Multimodal Video QA — Siddhesh More

A system that answers natural language questions about video content by combining visual frame retrieval, audio transcription, and a fine-tuned vision-language model.

Frame extraction uses PyAV and SceneDetect to sample keyframes at scene boundaries. Each frame gets a CLIP ViT-L/14 embedding computed locally. The audio track is transcribed by Whisper with word-level timestamps, and the transcript is chunked and embedded with bge-large-en-v1.5. Two FAISS indexes sit side by side: one visual (IndexFlatIP for cosine over CLIP embeddings), one textual. At query time both indexes retrieve independently and Reciprocal Rank Fusion merges the ranked lists. RRF avoids the score normalization problem that comes from mixing cosine distances from two different embedding spaces.

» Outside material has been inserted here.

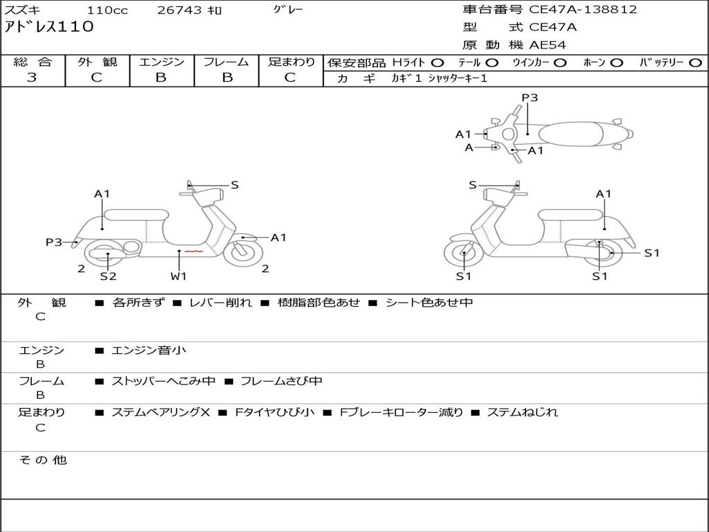| Номер рамы / VIN | CE47A-138812 |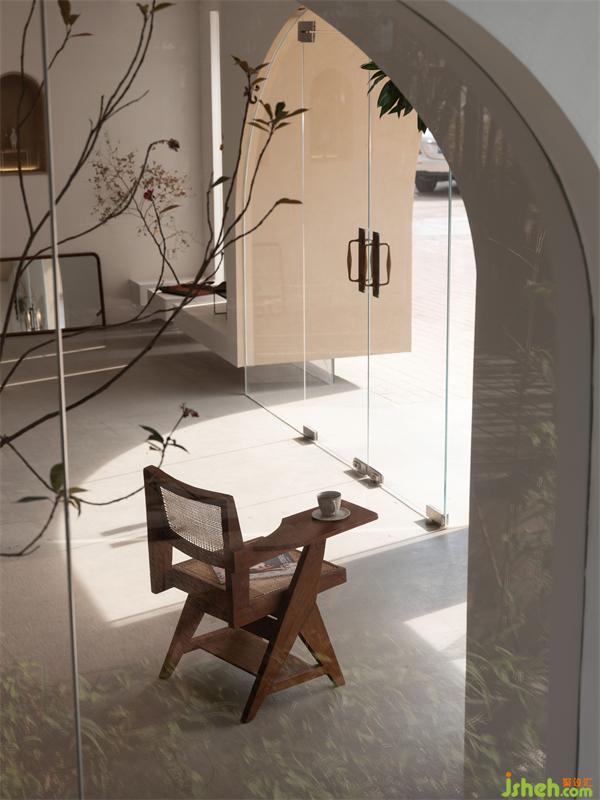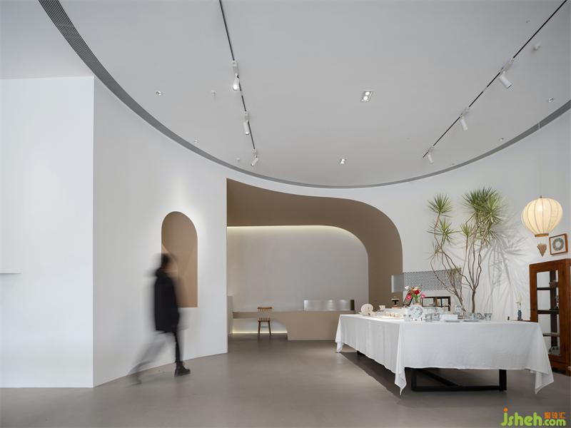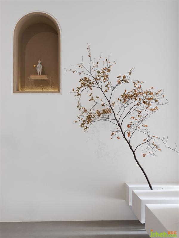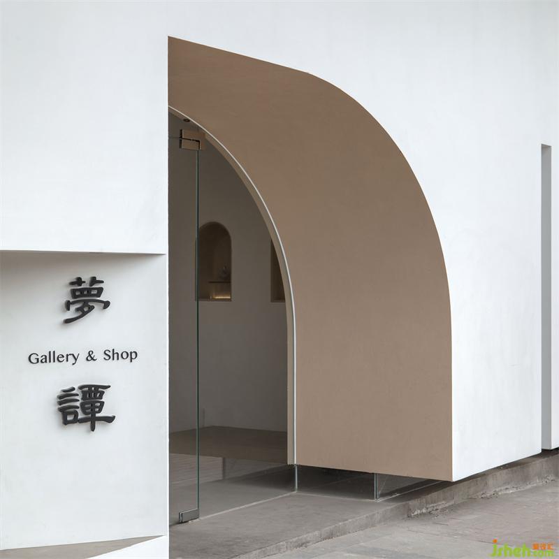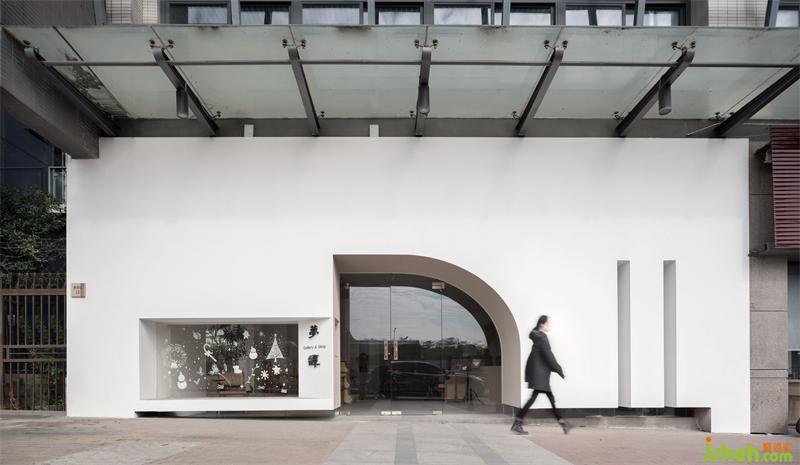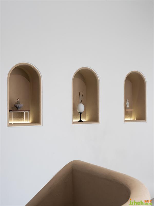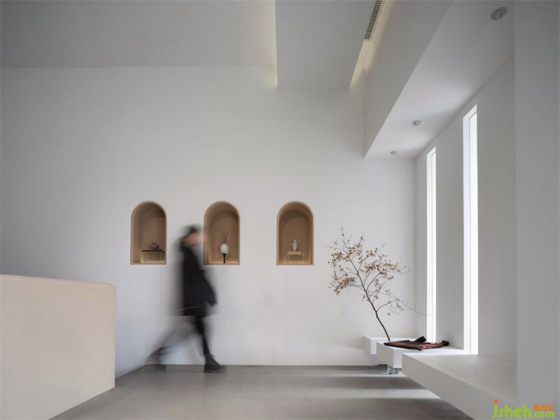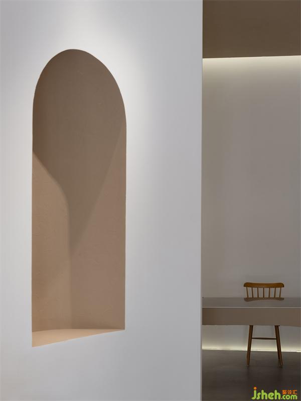 外立面運(yùn)用點(diǎn)線面構(gòu)成呈現(xiàn)出來(lái),強(qiáng)化構(gòu)成感。入口門洞用半弧形的造型,如器物式空間的壺口,白色的墻面和渾厚的門洞形成對(duì)比,讓入口增加儀式感。半弧形的光影倒映在地面,像是開啟的門扇,引導(dǎo)著參觀的人們進(jìn)入。

The VLM (Qwen2-VL-7B) is fine-tuned with QLoRA: 4-bit NF4 quantization via bitsandbytes, LoRA adapters at rank 16 targeting q_proj and v_proj attention projections. Only about 0.1% of parameters are trained; the base model stays frozen. HuggingFace Trainer handles the training loop, W&B logs loss curves and validation QA accuracy.

Served with vLLM. The CLIP encoder is exported to ONNX for edge inference benchmarking (latency comparison: BF16 vs INT4). An MCP tool server exposes @mcp.tool() def video_qa(query, video_id), making it callable directly from the LangGraph agent in Project 1.

In progress.